Sai che cosa mi ha detto ? Che aveva capito che il mio modo di fare era per punirla . Il prepararmi per uscire e capire che uscivo con una donna era per farle provare ciò che provavo io quando lei si confidava con L altro . Tornare a casa con segni di rossetto o capelli di donna addosso era per farla stare come probabilmente stetti io quando torno dopo avere fatto L amore con lui . Io non faci ma il amore con le altre ....probabilmente sarà spunto di riflessione tra noi


----------



## JON (4 Dicembre 2016)

ugo1969 ha detto:


> Sai che cosa mi ha detto ? Che aveva capito che il mio modo di fare era per punirla . Il prepararmi per uscire e capire che uscivo con una donna era per farle provare ciò che provavo io quando lei si confidava con L altro . Tornare a casa con segni di rossetto o capelli di donna addosso era per farla stare come probabilmente stetti io quando torno dopo avere fatto L amore con lui . Io non faci ma il amore con le altre ....probabilmente sarà spunto di riflessione tra noi


Ma questo mi pare ovvio. Ed è il motivo per cui presupponevo che la perdita del bimbo vada isolata e non legata al tradimento. Voglio dire che il suo tradimento ha una determinata rilevanza. E lei deve farsene carico.
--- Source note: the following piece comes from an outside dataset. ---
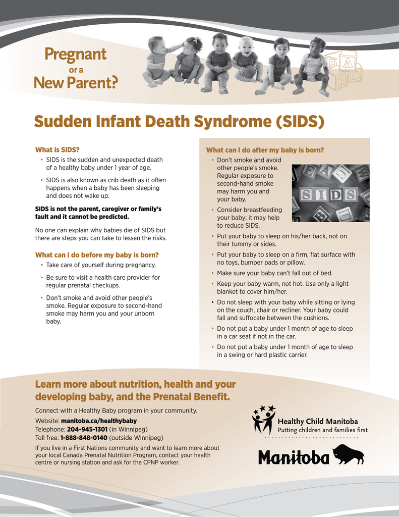 Sudden Infant Death Syndrome (SIDS) What is SIDS? đƫ SIDS is the sudden and unexpected death of a healthy baby under 1 year of age. đƫ SIDS is also known as crib death as it often happens when a baby has been sleeping and does not wake up. SIDS is not the parent, caregiver or family’s fault and it cannot be predicted. No one can explain why babies die of SIDS but there are steps you can take to lessen the risks. What can I do before my baby is born? đƫ Take care of yourself during pregnancy. đƫ Be sure to visit a health care provider for regular prenatal checkups. đƫ Don’t smoke and avoid other people’s smoke. Regular exposure to second-hand smoke may harm you and your unborn baby. What can I do after my baby is born? đƫ Don’t smoke and avoid other people’s smoke. Regular exposure to second-hand smoke may harm you and your baby. đƫ Consider breastfeeding your baby; it may help to reduce SIDS. đƫ Put your baby to sleep on his/her back, not on their tummy or sides. đƫ Put your baby to sleep on a firm, flat surface with no toys, bumper pads or pillow. đƫ Make sure your baby can’t fall out of bed. đƫ Keep your baby warm, not hot. Use only a light blanket to cover him/her. đƫ +ƫ*+0ƫ/(!!,ƫ3%0$ƫ5+1.ƫ5ƫ3$%(!ƫ/%00%*#ƫ+.ƫ(5%*#ƫ on the couch, chair or recliner. Your baby could fall and suffocate between the cushions. đƫ Do not put a baby under 1 month of age to sleep in a car seat if not in the car. đƫ Do not put a baby under 1 month of age to sleep in a swing or hard plastic carrier. Learn more about nutrition, health and your developing baby, and the Prenatal Benefit. Connect with a Healthy Baby program in your community. Website: manitoba.ca/healthybaby Telephone: 204-945-1301 (in Winnipeg) Toll free: 1-888-848-0140 (outside Winnipeg) If you live in a First Nations community and want to learn more about your local Canada Prenatal Nutrition Program, contact your health centre or nursing station and ask for the CPNP worker. Vous êtes enceinte ou vous venez d’avoir un enfant? Syndrome de la mort subite du nourrisson (SMSN) Qu’est-ce que le SMSN? đƫ !ƫ/5* .+)!ƫ !ƫ(ƫ)+.0ƫ/1%0!ƫ 1ƫ*+1..%//+*ƫƫ !/0ƫ(ƫ)+.0ƫ/+1 %*!ƫ!0ƫ%),.h21!ƫ Ě1*ƫ*+1..%//+*ƫ !*ƫ+**!ƫ/*0hƫ>#hƫ !ƫ)+%*/ƫ Ě1*ƫ*ċ đƫ *ƫ,.(!ƫ1//%ƫ !ƫ)+.0ƫ1ƫ!.!1ƫ,.!ƫ-1!ƫƫ (!ƫƫ/!ƫ,.+ 1%0ƫ/+12!*0ƫ(+./-1Ě1*ƫhhƫƫ +.0ƫ!0ƫ*!ƫ/!ƫ.h2!%((!ƫ,/ċ Le SMSN n’est pas la faute des parents, des fournisseurs de soins ou de la famille et il est imprévisible. !./+**!ƫ*!ƫ,!10ƫ!4,(%-1!.ƫ,+1.-1+%ƫ(!/ƫhh/ƫ )!1.!*0ƫ 1ƫČƫ)%/ƫ!.0%*!/ƫ)!/1.!/ƫ,!12!*0ƫ n0.!ƫ,.%/!/ƫ,+1.ƫ.h 1%.!ƫ(!/ƫ.%/-1!/ċ Que puis-je faire avant la naissance de mon bébé? đƫ .!*!6ƫ/+%*/ƫ !ƫ2+1/ƫ,!* *0ƫ(ƫ#.+//!//!ċ đƫ ((!6ƫ2+%.ƫ.h#1(%t.!)!*0ƫ1*ƫ"+1.*%//!1.ƫ !ƫ/+%*/ƫ !ƫ/*0hƫ,+1.ƫ2+/ƫ!4)!*/ƫ,.h*014ċ đƫ !ƫ"1)!6ƫ,/ƫ!0ƫh2%0!6ƫ(ƫ"1)h!ƫ !/ƫ10.!/ċƫ Ě!4,+/%0%+*ƫ.h#1(%t.!ƫHƫ(ƫ"1)h!ƫ/!+* %.!ƫƫ ,!10ƫn0.!ƫ*+%2!ƫ,+1.ƫ2+1/ƫ!0ƫ,+1.ƫ2+0.!ƫhhċ Que puis-je faire après la naissance de mon bébé? đƫ !ƫ"1)!6ƫ,/ƫ!0ƫh2%0!6ƫ(ƫ"1)h!ƫ !/ƫ10.!/ċ đƫ Ě!4,+/%0%+*ƫ.h#1(%t.!ƫHƫ(ƫ "1)h!ƫ/!+* %.!ƫ,!10ƫn0.!ƫ *+%2!ƫ,+1.ƫ2+1/ƫ!0ƫ,+1.ƫ 2+0.!ƫhhċ đƫ +*#!6ƫHƫ((%0!.ƫ2+0.!ƫƫ hhĎƫ!(ƫ,+1..%0ƫ.h 1%.!ƫƫ (!ƫ.%/-1!ƫ !ƫċ đƫ %0!/ƫ +.)%.ƫ2+0.!ƫhhƫ/1.ƫ (!ƫ +/ƫ!0ƫ*+*ƫ,/ƫ/1.ƫ(!ƫ2!*0.!ƫ+1ƫ/1.ƫ(!ƫ¬0hċ đƫ %0!/ƫ +.)%.ƫ2+0.!ƫhhƫ/1.ƫ1*!ƫ/1."!ƫ,(0!ƫ!0ƫ"!.)!Čƫ /*/ƫ&+1!0Čƫ/*/ƫ+. 1.!ƫ !ƫ,.+0!0%+*ƫ!0ƫ/*/ƫ+.!%((!.ċ đƫ //1.!6ġ2+1/ƫ-1!ƫ2+0.!ƫhhƫ*!ƫ,!10ƫ,/ƫ0+)!.ƫ 1ƫ(%0ċ đƫ . !6ƫ2+0.!ƫhhƫ1ƫ$1 Čƫ)%/ƫ/*/ƫ-1Ě%(ƫ%0ƫ0.+,ƫ $1 ċƫ+12.!6ġ(!ƫ Ě1*!ƫ+12!.01.!ƫ(h#t.!ċ đƫ (ƫ*!ƫ"10ƫ,/ƫ +)%.ƫ2!ƫ1*ƫhhƫ(+./-1Ě+*ƫ!/0ƫ//%/ƫƫ +1ƫ((+*#hƫ/1.ƫ1*ƫ*,hČƫ */ƫ1*ƫ"10!1%(ƫ+. %*%.!ƫƫ +1ƫ%*(%*(!ċƫ!ƫhhƫ,!10ƫ0+)!.ƫ!0ƫ/Ěh0+1û!.ƫƫ !*0.!ƫ(!/ƫ+1//%*/ċ đƫ !ƫ(%//!6ƫ,/ƫ1*ƫhhƫ !ƫ)+%*/ƫ Ě1*ƫ)+%/ƫ +.)%.ƫƫ */ƫ1*ƫ/%t#!ƫ Ě10+ƫ/%ƫ2+1/ƫ*Ěn0!/ƫ,/ƫ */ƫ(!ƫ2h$%1(!ċ đƫ !ƫ(%//!6ƫ,/ƫ1*ƫhhƫ !ƫ)+%*/ƫ Ě1*ƫ)+%/ƫ +.)%.ƫƫ */ƫ1*ƫ,+.0!ġhhƫ(*`+%.!ƫ+1ƫ!*ƫ,(/0%-1!ƫ 1.ċ Obtenez des renseignements sur la nutrition, la santé et le développement de votre bébé, ainsi que sur l’allocation prénatale. .+12!6ƫ1*ƫ,.+#.))!ƫhhƫ!*ƫ/*0hƫ */ƫ2+0.!ƫ+))1*10hċ %0!ƫ!ƫčƫmanitoba.ca/healthybabyƫ h(h,$+*!ƫčƫ204 945-1301 ĨHƫ%**%,!#ĩƫ */ƫ".%/ƫčƫ1 888 848-0140ƫĨHƫ(Ě!40h.%!1.ƫ !ƫ%**%,!#ĩ %ƫ2+1/ƫ2%2!6ƫ */ƫ1*!ƫ+))1*10hƫ !/ƫ.!)%t.!/ƫ*0%+*/ƫ!0ƫ-1!ƫ2+1/ƫƫ /+1$%0!6ƫ2+%.ƫ !/ƫ.!*/!%#*!)!*0/ƫ/1.ƫ2+0.!ƫ.+#.))!ƫ* %!*ƫ !ƫ *10.%0%+*ƫ,.h*0(!ƫ(+(Čƫ+))1*%-1!6ƫ2!ƫ2+0.!ƫ!*0.!ƫ !ƫ/*0hƫ+1ƫ2+0.!ƫ ,+/0!ƫ !ƫ/+%*/ƫ%*ü.)%!./ƫ!0ƫ !)* !6ƫHƫ,.(!.ƫHƫ1*ƫ!),(+5hƫ 1ƫċ

Perché prima che una punizione, la tua era sofferenza. È inutile girarci intorno, e deve capire che questa giostra la innescata proprio lei.


----------



## void (4 Dicembre 2016)

ugo1969 ha detto:


> Sai che cosa mi ha detto ? Che aveva capito che il mio modo di fare era per punirla . Il prepararmi per uscire e capire che uscivo con una donna era per farle provare ciò che provavo io quando lei si confidava con L altro . Tornare a casa con segni di rossetto o capelli di donna addosso era per farla stare come probabilmente stetti io quando torno dopo avere fatto L amore con lui . Io non faci ma il amore con le altre ....probabilmente sarà spunto di riflessione tra noi


Ciao Ugo, sono contento che siate riusciti a parlarvi. E' un buon inizio.
Se vi amate ancora, niente è precluso e non è troppo tardi. Tutto finisce la dove non c'è più amore, anche senza tradimento alle volte. 
Dimenticare impossibile, ricostruire non è facile (e secondo me nel tuo caso ne vale veramente la pena) a quello che avete passato per il bambino può essere un punto comune di partenza, un dolore condiviso.


----------



## void (4 Dicembre 2016)

JON ha detto:


> Ma questo mi pare ovvio. Ed è il motivo per cui presupponevo che la perdita del bimbo vada isolata e non legata al tradimento. Voglio dire che il suo tradimento ha una determinata rilevanza. E lei deve farsene carico. Perché prima che una punizione, la tua era sofferenza. È inutile girarci intorno, e deve capire che questa giostra la innescata proprio lei.


Quoto al 100%


----------



## Brunetta (4 Dicembre 2016)

*Ugo*

Tu non mi conosci, ma io suggerisco spesso la separazione.
Ma voi si capisce subito che vi amate.


----------



## ugo1969 (4 Dicembre 2016)

Brunetta ha detto:


> Tu non mi conosci, ma io suggerisco spesso la separazione.
> Ma voi si capisce subito che vi amate.


Ci proviamo ma non è detto ci siamo fatti molto male entrambi . Da cosa si capisce ?


----------



## Brunetta (4 Dicembre 2016)

ugo1969 ha detto:


> Ci proviamo ma non è detto ci siamo fatti molto male entrambi . Da cosa si capisce ?


Da tutto.
Si può fare male solo a chi ci ama.
Voi avete voluto vivere separatamente un dolore che temevate che si sarebbe moltiplicato, anziché con-diviso, se vissuto insieme e questo vi ha allontanato.
Se ce la fai a leggere, ci sono periodi che la testa non c'è, ti consiglio 
https://www.ibs.it/bambini-nel-temp...gclid=CN2Rq8jR2tACFQ5mGwodiEMJBA&gclsrc=aw.ds
Ti sconsiglio di leggere la sintesi su Wikipedia.


----------



## ugo1969 (4 Dicembre 2016)

Brunetta ha detto:


> Da tutto.
> Si può fare male solo a chi ci ama.
> Voi avete voluto vivere separatamente un dolore che temevate che si sarebbe moltiplicato, anziché con-diviso, se vissuto insieme e questo vi ha allontanato.
> Se ce la fai a leggere, ci sono periodi che la testa non c'è, ti consiglio
> ...


Grazie abbiamo letto assieme il sunto . Le ho detto del forum .


----------



## ugo1969 (4 Dicembre 2016)

ugo1969 ha detto:


> Grazie abbiamo letto assieme il sunto . Le ho detto del forum .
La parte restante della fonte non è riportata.